The microneedle patch was designed with transdermal patches in mind, Prausnitz said. Transdermal patches are another method of drug delivery, but they only work for a certain subset of drugs that can be absorbed through the skin.
Most medicines are typically not well-absorbed through the skin because of a tough-to-penetrate layer called the stratum corneum, Prausnitz said. But this layer is incredibly thin — about 10 or 20 micrometers thick — which is thinner than a human hair, he said.
In principle, you don't need an inch-long hypodermic needle to puncture a barrier that's thinner than a hair. So Prausnitz and his team went smaller, designing a patch with microneedles loaded with dried flu vaccine. Because the patch uses a dried version of the vaccine, it doesn't need to be refrigerated, and it was shown to be stable in temperatures of up to 40 degrees Celsius (104 degrees Fahrenheit) for up to a year, according to the study.
To apply the patch, a person places it on the back of the wrist and presses down with his or her thumb until a click is heard, Prausnitz said. The click means that you pressed hard enough and can let go. Twenty minutes later — after the microneedles dissolve and vaccine is released into the body — the patch is removed and can be thrown away like a used Band-Aid, he said.
For the study, in 2015, the researchers recruited 100 adults ages 18 to 49 who didn't receive a flu vaccine for the 2014 to 2015 flu season. [Flu Shot Facts & Side Effects (Updated for 2016 to 2017)]
The participants were divided into four groups of 25. Health care workers gave one group the traditional flu shot, the second group the microneedle vaccine patch and the third group a placebo microneedle patch, according to the study. The people in the fourth group put the microneedle patch on themselves after watching a short, instructional video.

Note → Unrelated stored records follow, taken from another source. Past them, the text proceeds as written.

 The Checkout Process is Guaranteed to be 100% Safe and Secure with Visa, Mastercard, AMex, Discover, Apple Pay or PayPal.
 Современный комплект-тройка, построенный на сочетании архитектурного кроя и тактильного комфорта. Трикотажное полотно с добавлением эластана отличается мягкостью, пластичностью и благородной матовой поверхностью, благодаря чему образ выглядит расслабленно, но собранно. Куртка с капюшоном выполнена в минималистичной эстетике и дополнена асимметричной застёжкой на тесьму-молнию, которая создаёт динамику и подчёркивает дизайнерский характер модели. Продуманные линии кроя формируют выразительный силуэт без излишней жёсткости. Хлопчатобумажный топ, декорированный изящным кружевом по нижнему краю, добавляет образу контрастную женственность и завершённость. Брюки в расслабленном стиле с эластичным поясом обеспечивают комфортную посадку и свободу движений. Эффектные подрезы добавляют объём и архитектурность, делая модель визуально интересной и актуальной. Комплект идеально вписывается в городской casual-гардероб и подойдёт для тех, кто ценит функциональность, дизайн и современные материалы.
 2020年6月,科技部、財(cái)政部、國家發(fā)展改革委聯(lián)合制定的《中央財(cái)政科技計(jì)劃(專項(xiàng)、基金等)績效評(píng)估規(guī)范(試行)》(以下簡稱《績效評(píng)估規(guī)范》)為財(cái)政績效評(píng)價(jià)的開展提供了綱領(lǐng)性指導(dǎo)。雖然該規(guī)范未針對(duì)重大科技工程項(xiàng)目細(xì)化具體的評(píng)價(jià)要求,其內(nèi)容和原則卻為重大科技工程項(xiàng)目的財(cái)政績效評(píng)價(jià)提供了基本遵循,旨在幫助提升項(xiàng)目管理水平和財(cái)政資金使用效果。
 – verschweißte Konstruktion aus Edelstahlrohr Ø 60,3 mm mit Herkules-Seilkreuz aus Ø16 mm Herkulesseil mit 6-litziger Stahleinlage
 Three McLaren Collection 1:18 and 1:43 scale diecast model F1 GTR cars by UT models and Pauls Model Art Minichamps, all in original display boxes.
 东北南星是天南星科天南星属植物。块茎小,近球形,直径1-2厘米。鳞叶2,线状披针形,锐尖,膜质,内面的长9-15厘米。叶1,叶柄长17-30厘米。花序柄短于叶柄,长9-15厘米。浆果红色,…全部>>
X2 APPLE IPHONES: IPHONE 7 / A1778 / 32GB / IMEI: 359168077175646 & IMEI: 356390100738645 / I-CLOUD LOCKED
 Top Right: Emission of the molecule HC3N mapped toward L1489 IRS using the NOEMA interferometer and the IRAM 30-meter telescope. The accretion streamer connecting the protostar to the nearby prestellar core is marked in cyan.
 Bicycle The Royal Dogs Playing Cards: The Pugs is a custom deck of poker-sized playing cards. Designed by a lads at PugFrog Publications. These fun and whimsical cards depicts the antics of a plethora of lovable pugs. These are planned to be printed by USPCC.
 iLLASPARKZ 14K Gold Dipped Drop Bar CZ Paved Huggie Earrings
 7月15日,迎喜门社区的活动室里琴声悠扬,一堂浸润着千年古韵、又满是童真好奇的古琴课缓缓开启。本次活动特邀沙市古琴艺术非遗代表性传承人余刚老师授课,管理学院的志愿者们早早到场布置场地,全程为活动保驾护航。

The patch appeared to work just as well for the people in the group who put the patch on themselves as it did for the people in the group who had the patch applied by health care workers. After the patch was removed, the researchers measured how much of the vaccine remained in the patch and found no differences between the two groups, suggesting that "participants were able to correctly self-administer" the patches, the authors wrote.
The researchers also found that the participants' immune systems response was just as strong in the people who received the patch as those who received the injection, Rouphael told Live Science. And no one in the study who received the vaccine got the flu during the next six months.
Prausnitz added that the participants said applying the patch didn't cause pain, but that they did feel a "tickling or mild tingling sensation."
Both the patch and the injection caused reactions at the application sites in the following days: The patch was more likely to cause itching and redness, and the injection was more likely to cause pain. This type of reaction is normal and can be explained as the body's response to receiving the vaccine, Rouphael said. Because the patch delivered the vaccine to the surface of the skin, the reaction in that case appeared on the surface, she said, whereas the pain from the injection was more of an intramuscular pain, because that's where the drug was delivered. [6 Flu Vaccine Myths]
Four weeks after receiving the microneedle vaccine patch, 70 percent of the participants said that they'd prefer getting their flu vaccine this way, according to the study.
Because the study included only 100 people, the next step is to conduct a much larger trial, both Rouphael and Prausnitz said. In addition, they hope to someday be able to use these microneedle patches to deliver other drugs and vaccines.
Writing in an editorial that was published alongside the new study in The Lancet, Katja Höschler and Maria Zambon, both of Public Health England, said that the "microneedle patches have the potential to become ideal candidates for vaccinations programs, not only in poorly resourced settings, but also for individuals who currently prefer not to get vaccinated." Höschler and Zambon were not involved in the new study.
The patches might be a particularly attractive option for children, they wrote.
Still, more research is needed to explore how effective the microneedle patch-delivered flu vaccine is, Höschler and Zambon wrote.